以下代码将计算所有201,000个距离。
## not run
## estimated run time ~ 7 hours
result <- sapply(1:length(sp.points), function(i)gDistance(sp.points[i],coast))
编辑:OP对核心的评论让我认为这可能是一个实例,其中并行化的改进可能值得付出努力。所以这就是你如何使用并行处理来运行它(在Windows上)。
library(foreach) # for foreach(...)
library(snow) # for makeCluster(...)
library(doSNOW) # for resisterDoSNOW(...)
cl <- makeCluster(4,type="SOCK") # create a 4-processor cluster
registerDoSNOW(cl) # register the cluster
get.dist.parallel <- function(n) {
foreach(i=1:n, .combine=c, .packages="rgeos", .inorder=TRUE,
.export=c("point.moll","coast.moll")) %dopar% gDistance(point.moll[i],coast.moll)
}
get.dist.seq <- function(n) sapply(1:n,function(i)gDistance(point.moll[i],coast.moll))

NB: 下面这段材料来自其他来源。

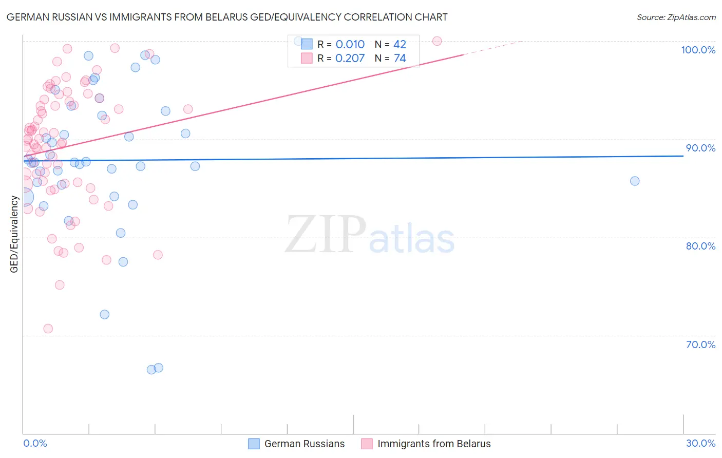German Russian vs Immigrants from Belarus GED/Equivalency Correlation Chart
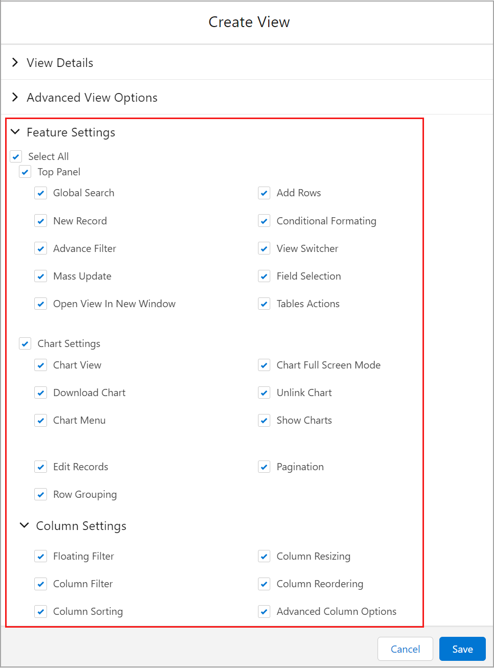 You can turn ON or OFF view features based on your requirements, which will allow or prevent you from accessing specific features in the View. By default, the Select All checkbox is already checked to allow all the features to be enabled when creating or editing a View on an object.
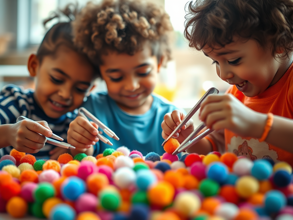 Pom-Pom Bin with Tweezers: Features various sizes of soft pom-poms and tweezers to practice fine motor control, particularly pincer grasp development.
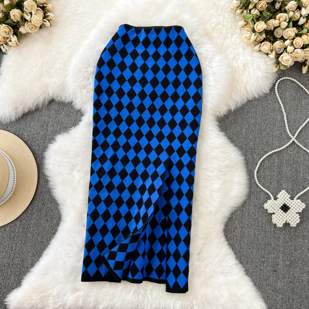 Nomikuma 春秋ボトムスウエストチェック柄スカートレディーススリムスプリットスカート段 Faldas Moda スプリング 春物 オータム 秋物 kor35315726127
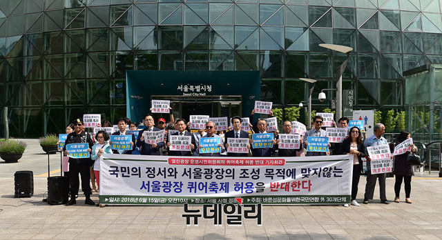 바른성문화를위한국민연합을 비롯한 30개 시민단체가 15일 오전 서울시청 앞에서 서울광장 동성애 퀴어축제 허용을 반대하는 기자회견을 진행하고 있다.
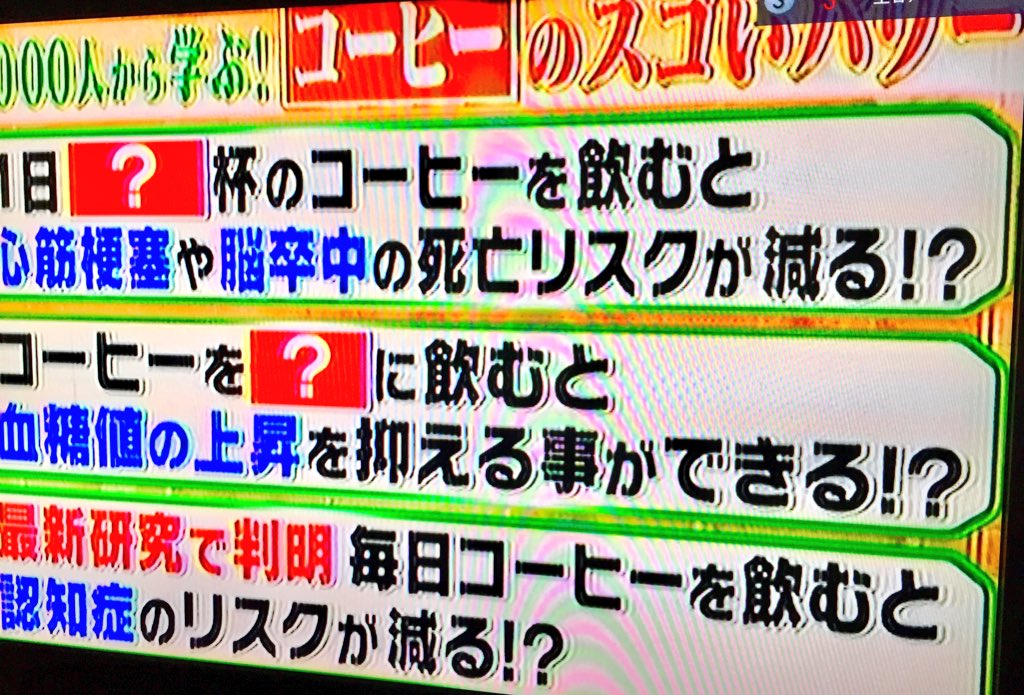 お休みに たまたま観ていたTV番組にコーヒーの素晴らしい効能が紹介されておりました^^ コーヒーを扱うお店として嬉しい事でした◎ 美味しく飲んで健康に良いなんて・・・\(^o^)/
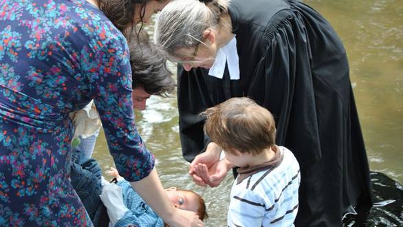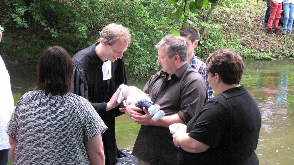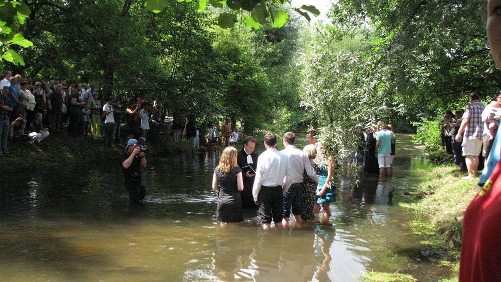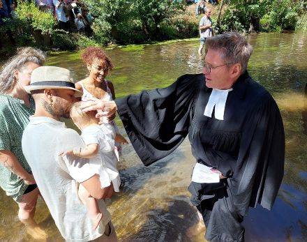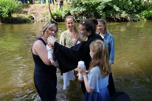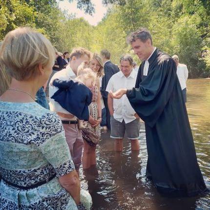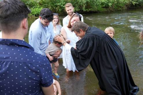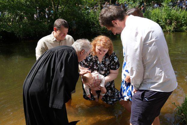 Das Tauffest begann um 11 Uhr mit einem Taufgottesdienst auf der Wiese sowie direkt an der Alb. Nach dem Gottesdienst blieben viele Familien noch auf dem Gelände, um die Taufe als Familie oder in größerer Gruppen bei einem Picknick zu feiern.
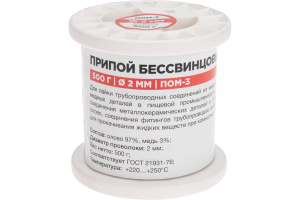 Припой мягкий бессвинцовый Rexant ПОМ-3 500 г 2 мм (олово 97%, медь 3%, катушка) (09-3507)
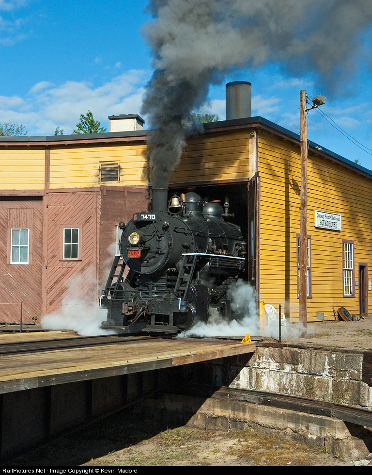 Well, hello there old friend! After over 9 months of hibernation, Canadian National Switcher #7470 emerges from her "den" in the Conway Scenic Roundhouse to the delight of steam enthusiasts all around the Northeast. For a number of good reasons, the old gal hasn't worked much over the last several years, but the folks up at Conway Scenic had promised she'd run during the fall foliage season in 2010 and on the first day of the line's annual Railfan Weekend, they brought her out in grand style. The steamer pulled 3 excursions to Conway each day, as well as one up to Bartlett. As an added bonus for the photographers present, she ran all trips on the first day facing south (railroad east), opening up a number of photo opportunities that don't normally exist on this line. If you want to see steam with some great mountain scenery and fall foliage, head on up to North Conway and check her out!
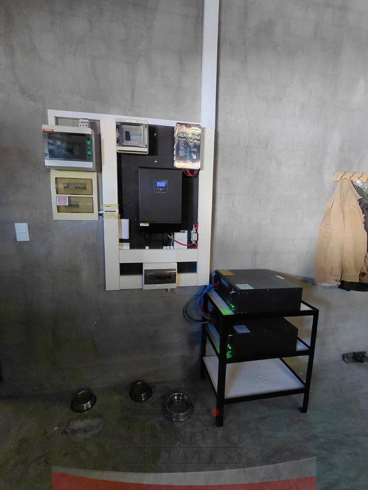 Water supply is ample, with two 10,000-liter water tanks equipped with a pressure pump and a storage container. The property is impeccably maintained, showcasing a well-established garden. Approximately one hectare around the house is securely fenced with a remote-controlled gate. For added security, the property includes an alarm system and motion sensors.
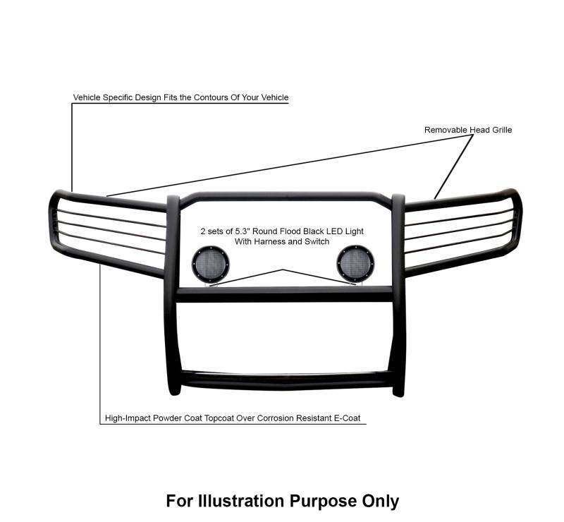Black Horse 17A080200MA-PLFB Black Grille Guard w/LED for 05-10 Jeep G. Cherokee
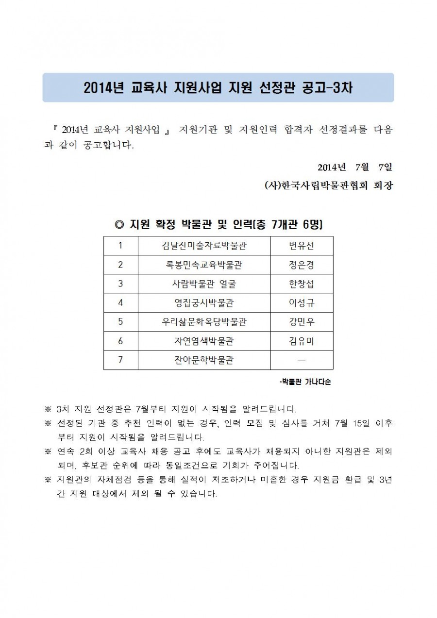『 2014년 교육사 지원사업 』 지원기관 선정 공고 - 3차 페이지 정보 작성자 관리자 작성일14-07-07 14:29 조회40,194회 댓글0건 관련링크 이전글 다음글 목록 본문 댓글목록 등록된 댓글이 없습니다. 이전글 다음글 목록
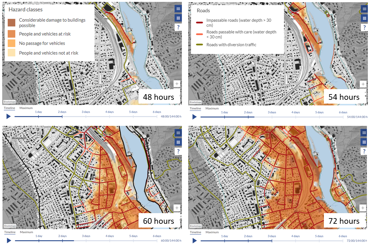 Based on a number of precipitation scenarios, the Flood Dynamics tool visualises the direct and indirect effects of extreme precipitation in fast motion – from the rise to the subsiding of floodwaters. The tool is particularly useful in civil protection, both for communicating flood risks and for training purposes.
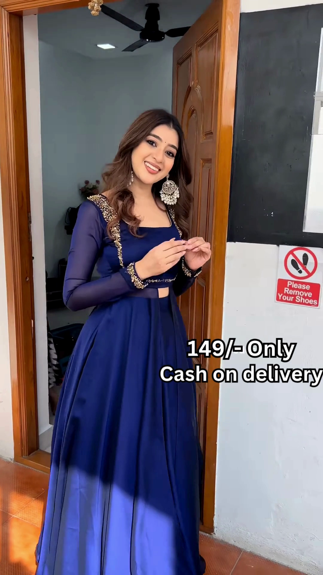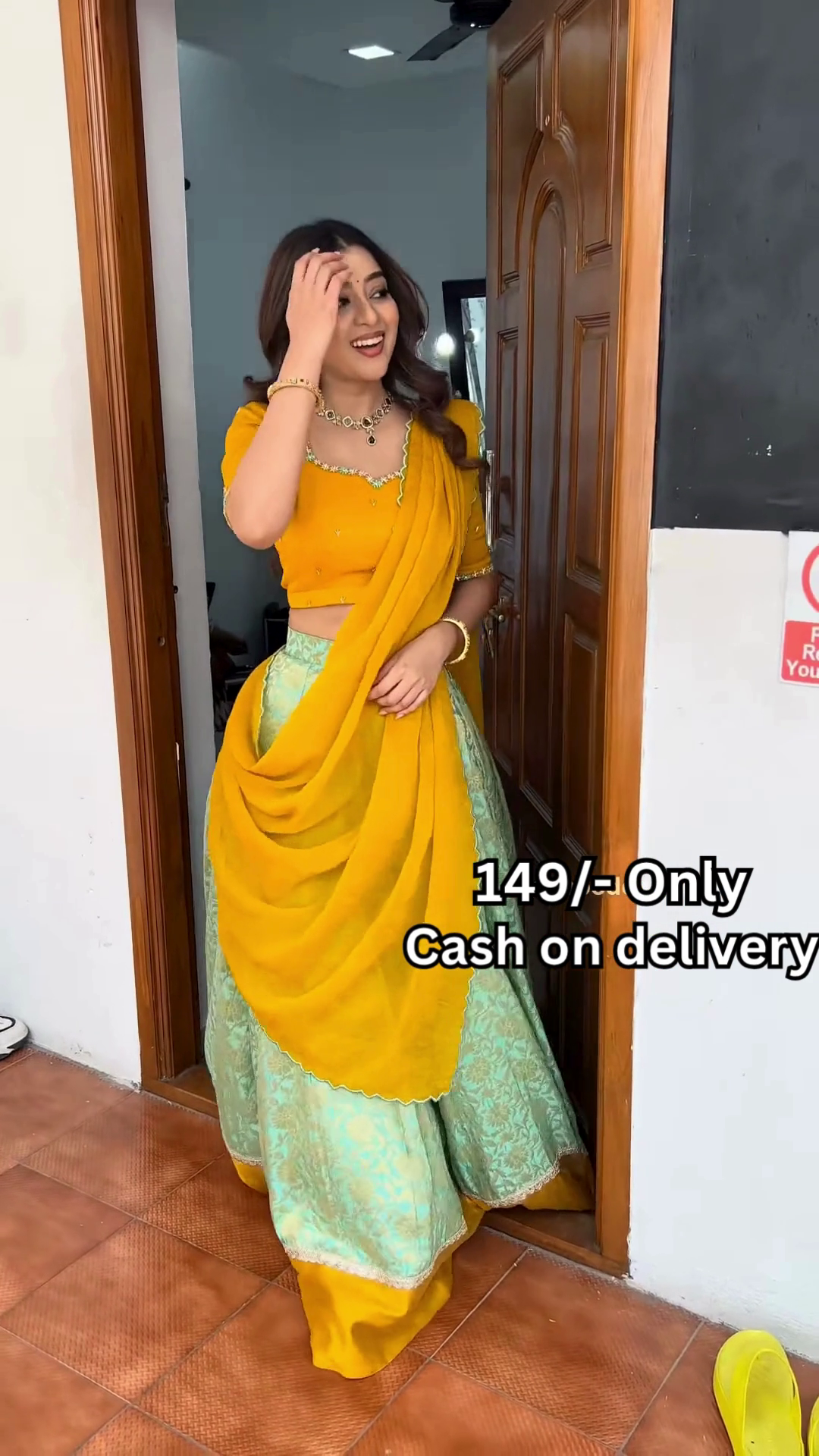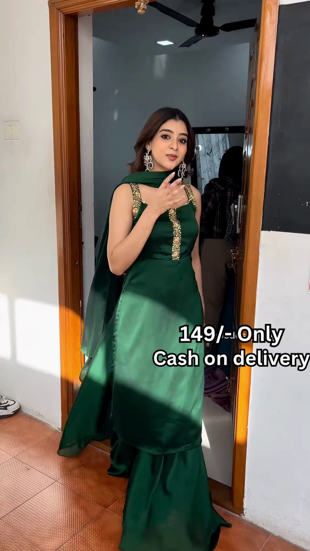 The doorway backdrop enhances the narrative—evoking intimacy, tradition, and connection. It frames the outfit in a relatable lifestyle context while preserving visual clarity for catalog or online display purposes. Whether styled for festivals, pre-wedding edits, or casual cultural sessions, this outfit embodies versatility across age groups and fashion genres.
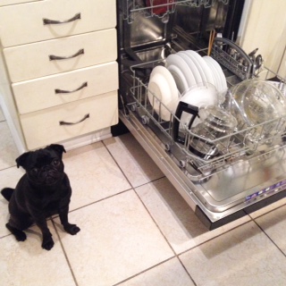 キッチンで食洗機をオープンしたまま汚れたお皿を取りにダイニングへ戻ると、ジャズはこっそり近づき、食洗機の内側ドアや食器を舐めていることが多々あります。ナナさんには拾い食いの問題がありますが、こういうことは一切しませんので驚きました ((((((ノ゚⊿゚)ノヌオォォォ
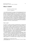 25, Social Networks, 3(1981) @Elsevier Sequoia 29-40 S.A., Lausanne - Printed in the Netherlands What is a System? Frank Harary and Mark F. Bate11 University of Michigan ** A new definition and model of a system is presented utilizing graph theoretic concepts and introducing nested graphs. By a comprehensive search of the literature, this abstract formulation of a system is shown to incorporate extant theory. The approach of Emery and Trist using open and closed systems, the system-environment model of Cartwright and Harary, and the structural role system of Oeser and Harary are all subsumed as special cases. The value of such a theory is discussed in statistical terms by considering correlational problems and Simpson’s paradox. A general problem-solving algorithm is presented, using this model of a system, suggested by a simultaneous generalization of the statistical procedures of cluster analysis and stagewise regression. An example is interpreted in the nested network framework, illustrating the applicability of the model to empirical situations. What is a system? The notion of a system is receiving an increasing amount of attention from researchers in several branches of sociology as well as other disciplines. To date, however, the problem of definition has been approached in a descriptive rather than an analytic manner. Our objective is to develop a precise logical definition and an abstract mathematical model of a system based on graph-theoretic concepts. Clearly, any such abstract formulation must be judged according to two criteria. It must adequately describe the existing body of data in the field, i.e., it must be consistent with the definitions proposed in the existing literature. Also it must provide a firm basis for realistic and verifiable predictions, i.e., it must be testable empirically. To begin this process of abstraction, we look first at a selection of extant definitions of a system. To quote von Bertalanffy (in Miller 1965), “A system is a set of units with relationships among them”. In his exposition on general systems theory, Miller (1965) proposed that “The universe contains a hierarchy of systems, each higher level of system being composed of systems of low levels”. This sentiment has been echoed by Simons’ (in Miller 1965) description: “By a hierarchic system, or hierarchy, I mean a system *Research supported in part by NSF grant SOC 76-16824. **Research Center for Group Dynamics, Institute for Social Research, Ann Arbor, MI 48106, U.S.A. The University of Michigan, 30 b1 Hararlj and M. I? Bate11 that is composed of interrelated subsystems, each of the latter being, in turn, hierarchic in structure until we reach some lowest level of elementary subsystem”. On the other hand, McConnell (1977) states, “Anything that is itself alive - or that is made up of living things - can be thought of as a living system of some kind. You are alive; so you are a living system. But your family is made up of living organisms, hence your family is also considered a living system”. In each of the ideas presented above, two common themes emerge. First, all conceptions of ‘system’ involve a set of units and their interrelationships. Since any binary relation has a natural representation as a graph or digraph, the points being the units (people, groups, or larger aggregations) and the lines the relations between them, a graph-theoretic approach immediately suggests itself. Secondly, systems are viewed in all of the above quotations as possessing a hierarchical or nested structure. These two ideas are precisely the motivating forces of our approach. Following Harary ( 1969), a graph consists of a finite nonempty collection of objects called points (or vertices) together with a collection of unordered pairs of points called &es (or edges). Letting the points represent people and the lines stand for recognized genealogical relationships, we obtain a convenient diagrammatic expression for a kinship system. A diugraph is a set of points, with ordered pairs of points called urcs. A communication system can be illustrated with digraphs by letting the points stand for people and the arcs for the flow of interpersonal communication. By attaching a positive or negative sign to each line of a graph, a signed graph is obtained. Signed graphs have been fruitfully utilized in a representation of Heider’s balance theory in an interpersonal relations system. In addition to the three examples of the types of graphs mentioned above, we allow any combination of these types in a single model which we group under the generic term ‘graph’. To accommodate the desired hierarchical structure we define a ‘nested graph’ in which the points of a graph at a given level are graphs of lower levels. This notion of hierarchically nested structure is prevalent throughout the literature. In Table 1 we have present a few illustrations indicative of the range and variety of the occurrence of this idea. The theory of sets provides an exceptionally clear picture of this type of structure. In his pioneering work, Bertrand Russell was prompted to endow sets with a similar structure to avoid the ‘Spanish barber paradox’. (In a certain small Spanish town, usually called Seville, the only barber shaves all those and only those people who do not shave themselves. Who shaves the barber?) Russell developed the theory of types of sets to resolve in general all paradoxes of this type. According to Russell: A set of type 0 is just a single element of a nonempty set of elements U, f..> V > .‘.> sometimes called points. A set of type 1 is a nonempty set of points, i.e., of sets of type 0. A set of type 2 is a nonempty set whose elements are sets of type 1. In general, the members of a set of type i are themselves sets of type i - 1. 3 4 5 6 7 8 9 10 11 12 13 14 0 1 2 Levels Table 1. quarks particles atoms molecules Physics species genus family order class phylum kingdom Biology matter stars gala

identical(get.dist.seq(10),get.dist.parallel(10)) # same result?
# [1] TRUE
library(microbenchmark) # run "benchmark"
microbenchmark(get.dist.seq(1000),get.dist.parallel(1000),times=1)
# Unit: seconds
# expr min lq mean median uq max neval
# get.dist.seq(1000) 140.19895 140.19895 140.19895 140.19895 140.19895 140.19895 1
# get.dist.parallel(1000) 50.71218 50.71218 50.71218 50.71218 50.71218 50.71218 1
使用4个核心可将处理速度提高约3倍。因此,由于1000个距离大约需要1分钟,因此100,000个应该花费不到2个小时。
请注意,使用times=1
实际上是滥用microbenchmark(...)
,因为重点是多次运行该流程并对结果取平均值,但我只是没有耐心。